I read several books at one time. I’m realizing that I read to contextualize my work, and I don’t mean necessarily just for setting or history but for the language, rhythms, cadences, and nuances of image and metaphor that begin to take shape in my mind. Once I feel the movement of a story or facts, I am led into my own writing sensibilities. All this is to say that I am reading Caste: The Origins of Our Discontents by Isabel Wilkerson, Finding the Mother Tree: Discovering the Wisdom of the Forest by Suzanne Simard, and What You Have Heard Is True: A Memoir of Witness and Resistance by Carolyn Forché.

5. What was your strategy for organizing the poems in this collection?
I began to organize the poems based on the symbol for infinity. That is, I moved from one connecting poem to another—whether in time, space, or personal and public experience—in order to create the appearance of one endless experience that African American people go through at various times and places, and always. And I must admit that I didn’t know I was doing this until the poems made me aware of the unconscious movement that was taking place. I learned more deeply that creative energy has a way of doing its own thing—and to trust it and fight against allowing my mind to censor it.

6. Would you recommend writers pursue an MFA?
I would recommend that writers think deeply, perhaps over a period of time, about how they want to experience their writing, what work they want their writing to do in the world, and how they want their work to enter and live in the world to do that work. From this viewpoint, at least a well thought out decision can be made as to whether there is any value in pursuing an MFA.

7. What is one thing that surprised you during the writing of Every Hard Sweetness?
I was surprised to learn that I actually could use words and images to act as purveyors of emotion. With this understanding, or from this perspective, I could write the hurting things while focusing on language, language use, and structure. Also that’s how I ended up using pictures and graphics to deepen meaning—a kind of see-for-yourself idea.
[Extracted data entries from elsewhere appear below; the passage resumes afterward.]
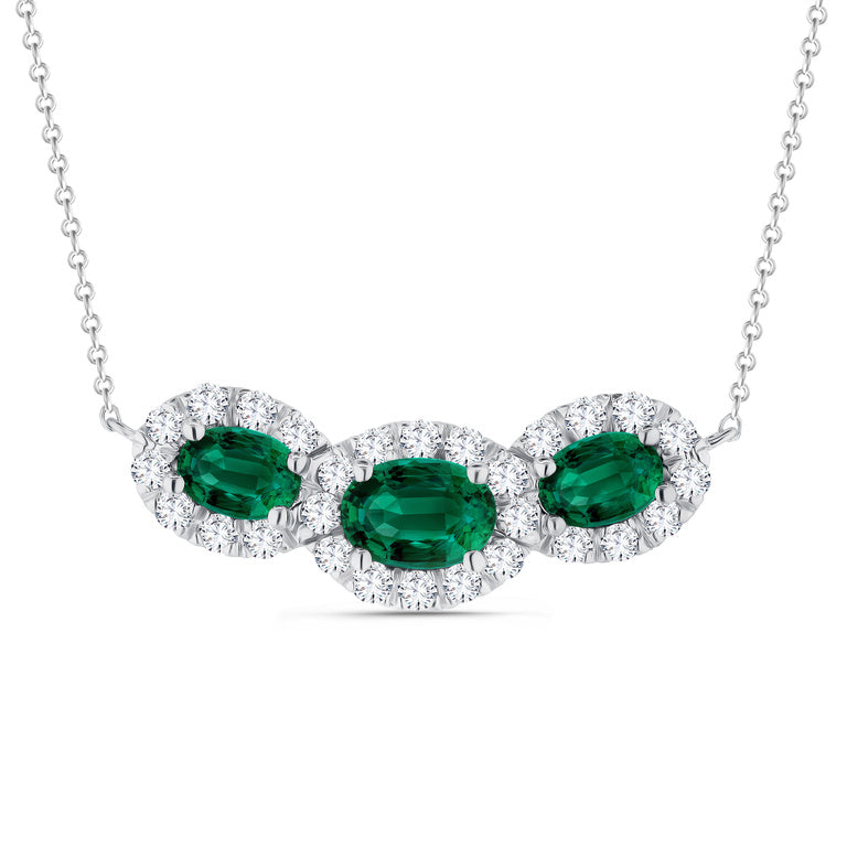 Elegant and timeless, this 18K white gold pendant showcases three oval-cut emeralds totaling 1.33 carats, radiating a lush medium-green hue. The design is beautifully enhanced by 28 round brilliant-cut diamonds totaling 0.51 carats, adding a sparkling contrast that highlights the natural vibrancy of the emeralds. Suspended gracefully from an 18K white gold setting, this pendant embodies sophistication and refined luxury.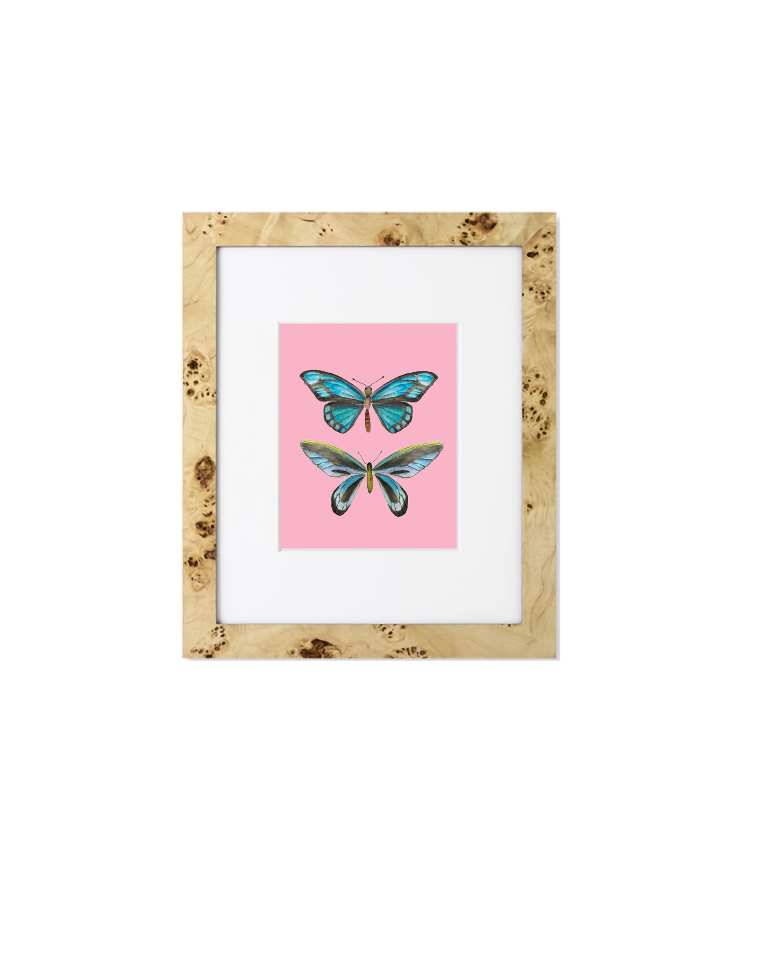 Watercolor Spotted Butterfly Pair Wall Art Print | Multiple Colors | Bubblegum Pink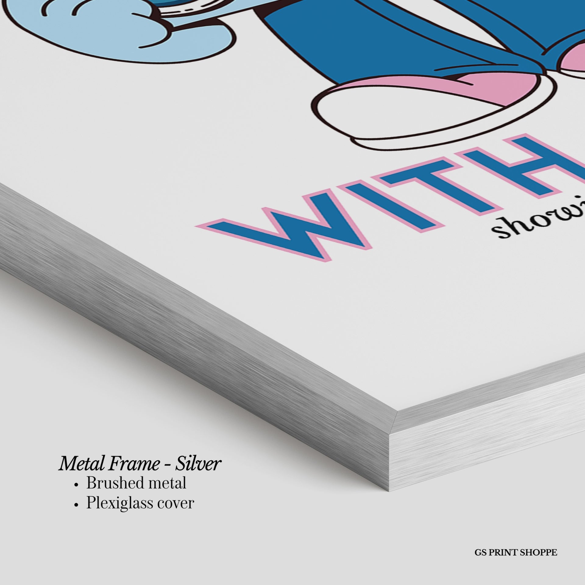 Metal Frame: Sleek and modern, our metal frame is crafted with brushed metal for a polished finish. It comes with durable plexiglass and sturdy metal hangers for horizontal or vertical display.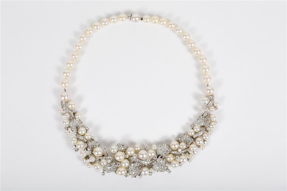 PLATINUM, DIAMOND, AND CULTURED PEARL NECKLACE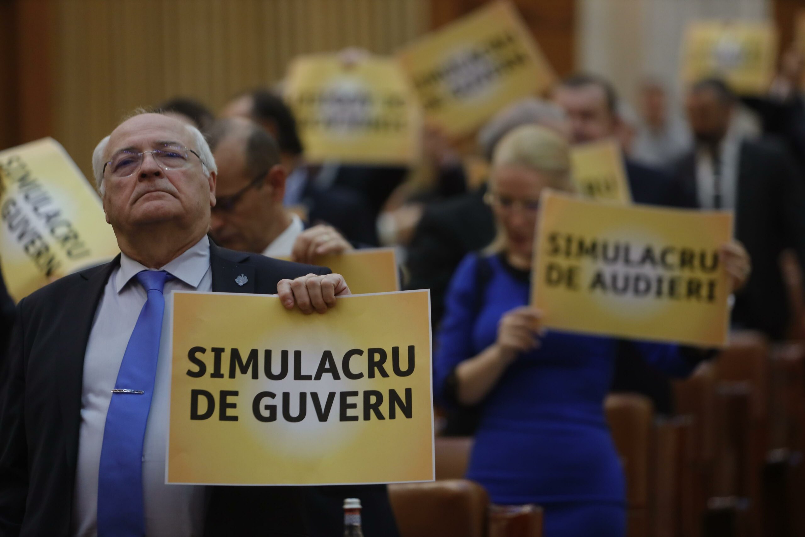 Aceștia au afișat pancarte pe care scria „Simulacru de audieri”, „Simulacru de Guvern”.

8. If you could go back in time and talk to the earlier you, before you started Every Hard Sweetness, what would you say?
This is an opportunity to develop a courageous spirit. Be brave! Be brave! Above all, be brave!

9. What forms of work, other than writing, did you have to do to complete this book?
To complete this book I did a meditative practice every day, morning, and evening. I did yoga. I played my flute, running notes together—never a song, just making sounds that seemed to correspond to my feelings. I guess one could say it was improvisation. I went to my hometown and walked to the creek to sit quietly. I talked with old friends and new ones. I spoke with the two journalists who investigated the state hospital I write about in the book and met with one of them. I did research and read the book the other journalist had written as a result of the investigation.

10. What’s the best piece of writing advice you’ve ever received?
“Never be ashamed or embarrassed about your life.” This advice opened me and rearranged my heart. It helped me begin to understand how I could get writing to function for me, to lift me.